Kenapa? Kenapa harus Dewi? Mungkin
kalau orang lain aku masih bisa terima, tapi ini Dewi! Hanya Dewi yang tahu
perasaanku terhadap Vian, dan sekarang? Hatiku remuk, sulit di percaya. Dewi
dan Vian saling suka?? Aah.. Kenapa aku tidak menyadarinya? Mereka memang dekat
sekali, namun aku tidak memerhatikan hal itu. Dan Dewi kenapa nggak bilang dari
awal kalau dia juga suka sama Vian? Mungkin kalau dia jujur, aku nggak akan
sesakit ini.
" Eby, soal nomor tiga pakai
cara yang mana?" Vian tiba- tiba menengok kebelakang dan bertanya.
" Cari aja, di LKS kan ada,
yan.." jawabku sekenanya
Cukup sudah, aku salah, aku kalah,
aku pasrah. Aku takkan mungkin membenci mereka berdua, terutama Dewi.

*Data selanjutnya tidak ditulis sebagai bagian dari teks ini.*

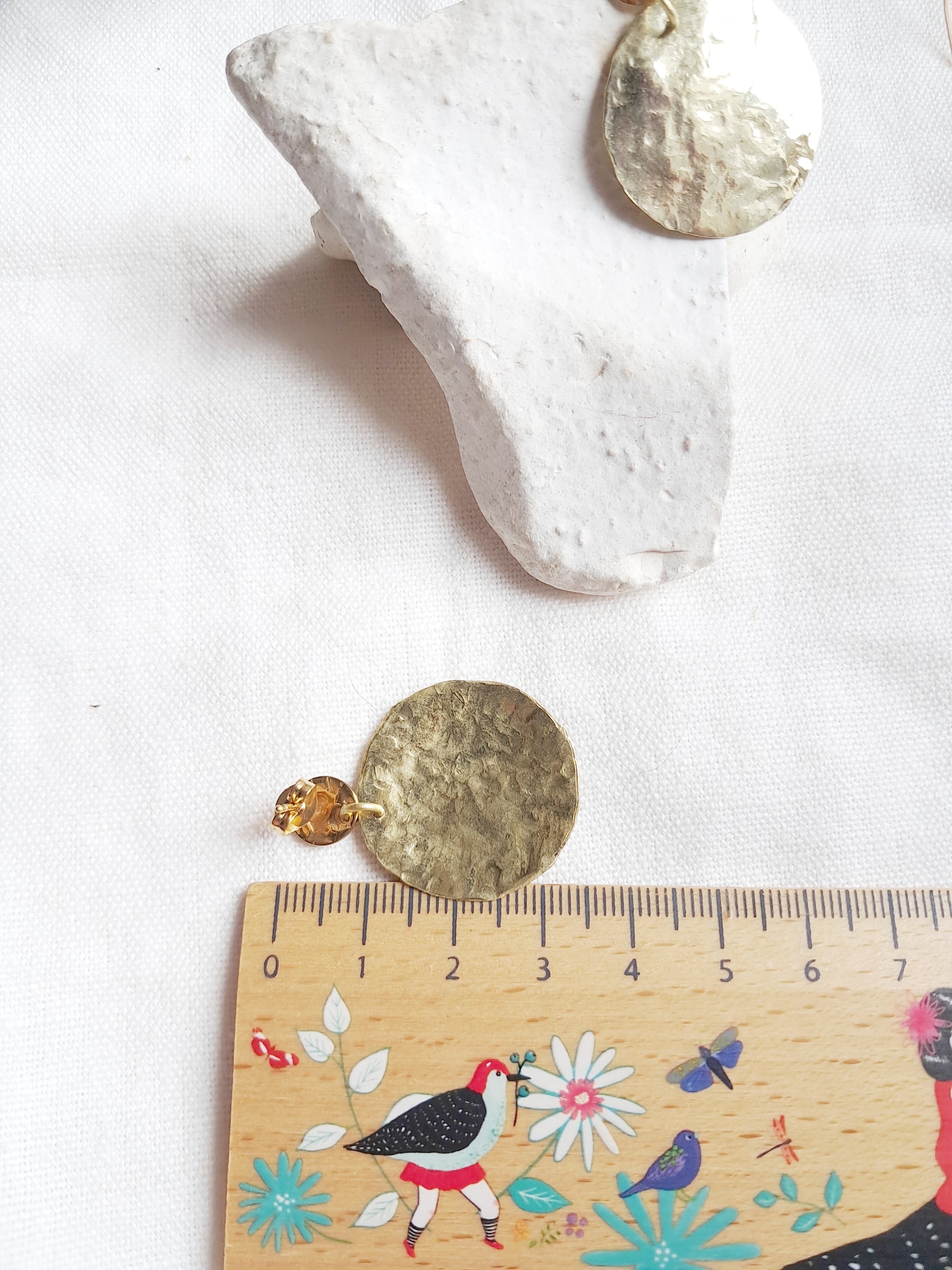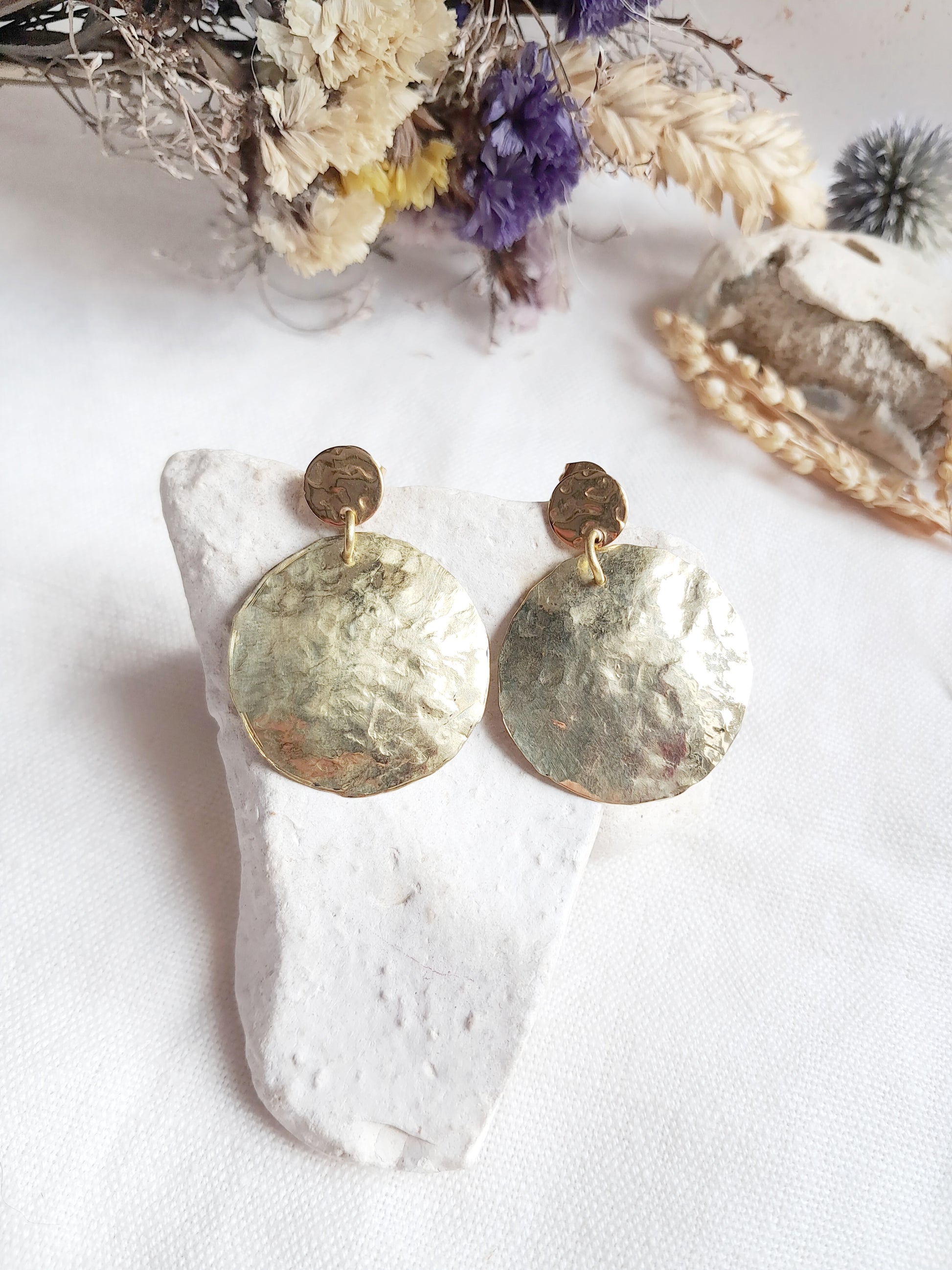 Cette paire de boucles d'oreilles artisanale est réalisée à la main dans notre atelier. Les disques en laiton sont découpés et tapés, puis montés sur des clous hypoallergéniques (24k).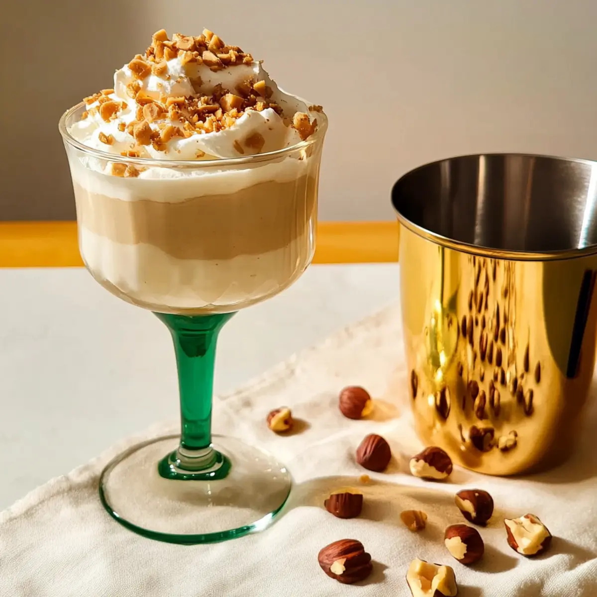 6. Present your Nutty Irishman cocktail right away, ideally garnished with a whole hazelnut or a flourish of additional whipped cream.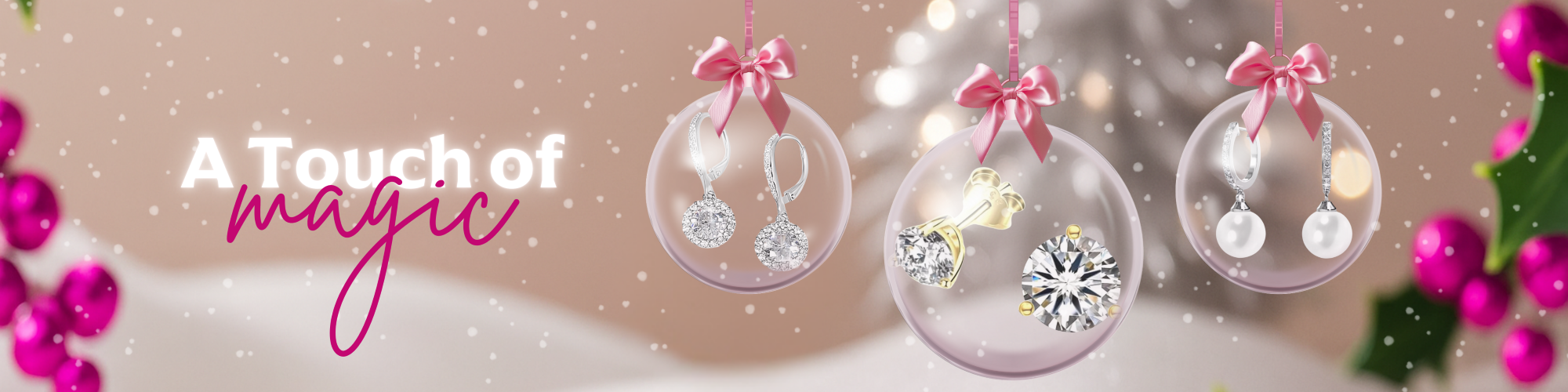 KATHERINE Fuchsia And White CZ Diamond Simulant Three-Row Eternity Ring in Rhodium Over Sterling Silver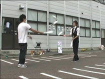 はじめまして。ジャグリングチーム螺鈿(らでん)です。私たちは部でも愛好会でないサークルのようなもので、毎週火曜日に体育館の端のほうを借りて練習会を開いています。5年M 堀口 航平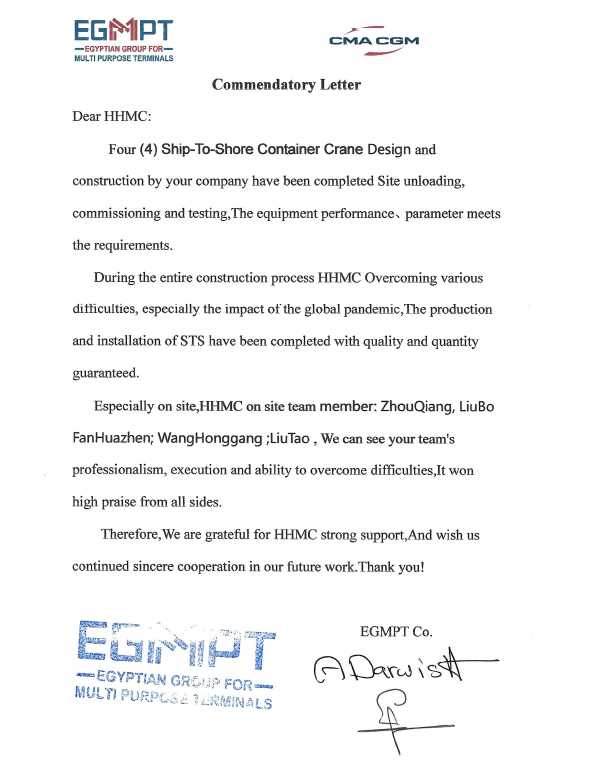 亞歷山大港多用途碼頭為埃及國家重點(diǎn)項(xiàng)目,埃及國家領(lǐng)導(dǎo)人員高度關(guān)注該項(xiàng)目進(jìn)展。岸橋到達(dá)用戶碼頭后,項(xiàng)目組嚴(yán)格按照策劃節(jié)點(diǎn)穩(wěn)步推進(jìn)每天工作,確保當(dāng)日事當(dāng)日畢,最終在整個(gè)項(xiàng)目組通力協(xié)作以及用戶的積極配合支持下,岸橋順利完成交付,并按計(jì)劃進(jìn)入保產(chǎn)。期間,埃及總理、交通部部長對(duì)海西重機(jī)產(chǎn)品及現(xiàn)場(chǎng)項(xiàng)目團(tuán)隊(duì)給予了充分肯定,多家當(dāng)?shù)孛襟w對(duì)此進(jìn)行了專題報(bào)道。用戶特地向我司發(fā)來一封表揚(yáng)信以示感謝。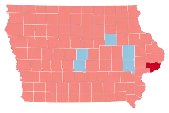 Iowa handed Republican Donald Trump a decisive victory, doing so by a margin of 219,741 votes. This election marks the third consecutive cycle in which Iowa voted for the Republican candidate in a presidential election. Notably, Trump improved his margins in 98 of 99 counties and gained significant support across all demographics, performing better in suburban, rural, and urban areas.[56] Trump became the first Republican to win Scott County since Ronald Reagan in 1984. This is the first election since 1968 that Iowa voted to the right of Alaska.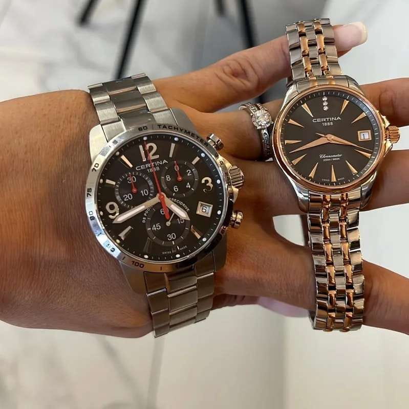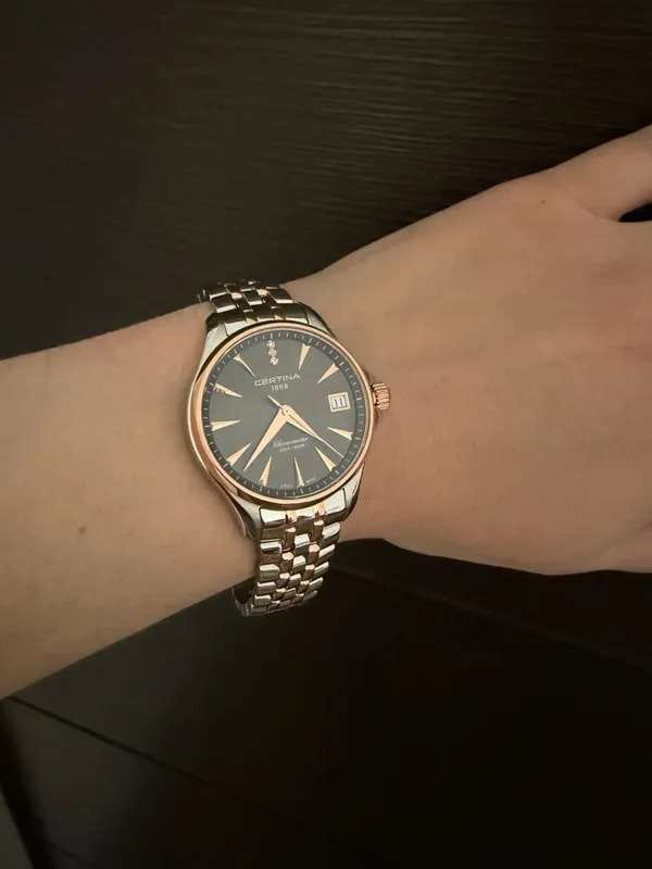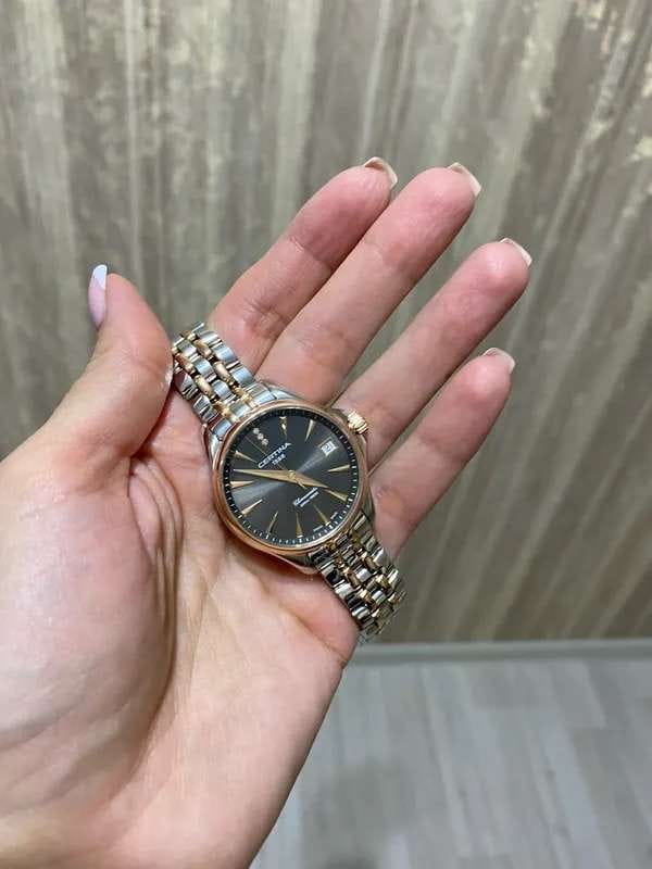Аксессуар обладает изящным силуэтом, отражающим классический стиль и элегантность. Циферблат украшен 3 роскошными бриллиантами оттенка Top Wesselton. Часы комплектуются высокоточным кварцевым калибром F06.411 от швейцарской компании ETA, высокая точность механизма подтверждается сертификатом хронометра COSCСертификат COSCОфициальный сертификат, подтверждающий то, что часы ходят с особо высокой точностью. Для получения документа часы подвергаются тестовым испытаниям, разработанным швейцарским институтом тестирования хронометров COSC. Допустимая норма для механических часов -4/+6 секунд в день, для кварцевых моделей +/- 0,07 секунд в день.. Концепция DS ConceptDS ConceptDouble Security Concept, обозначает двойную надёжность и безупречную точность часов Certina. Двойная система защиты подразумевает обеспечение максимальной устойчивости к ударам и высоких показателей водонепроницаемости. гарантирует повышенную ударопрочность часов и сохранение водонепроницаемости до 20 бар. Одностороннее антибликовое покрытие сапфирового стекла.Корпус и браслет из хирургической стали 316L. PVD-покрытиеPVDУльтратонкое покрытие наносится в технике вакуумного напыления, сочетает в себе нитрид титана особой прочности со слоем золота или оксида хрома. Несёт в себе декоративную или защитную функцию. цвета розового золота. . Окошко даты, функция EOLEOLПредставляет собой систему, уведомляющую владельца часов о необходимости замены элемента питания. За 2 недели до полного разряда батарейки секундная стрелка перестаёт ходить чётко и начинает перепрыгивать на 3-4 деления.. Диаметр корпуса: 33,8 мм.

Aku nggak
punya alasan untuk membenci Vian, dan aku sungguh tak bisa membenci Dewi. Dewi
sudah seperti saudaraku, dan mustahil bagiku untuk menutup hatiku begitu saja.
Tidak, aku takkan menangis, aku tahu mereka memang sudah seharusnya terikat.
Aku tak pernah mengharapkanku balasanmu.
Karena cukup bagiku memandang hangatnya senyummu.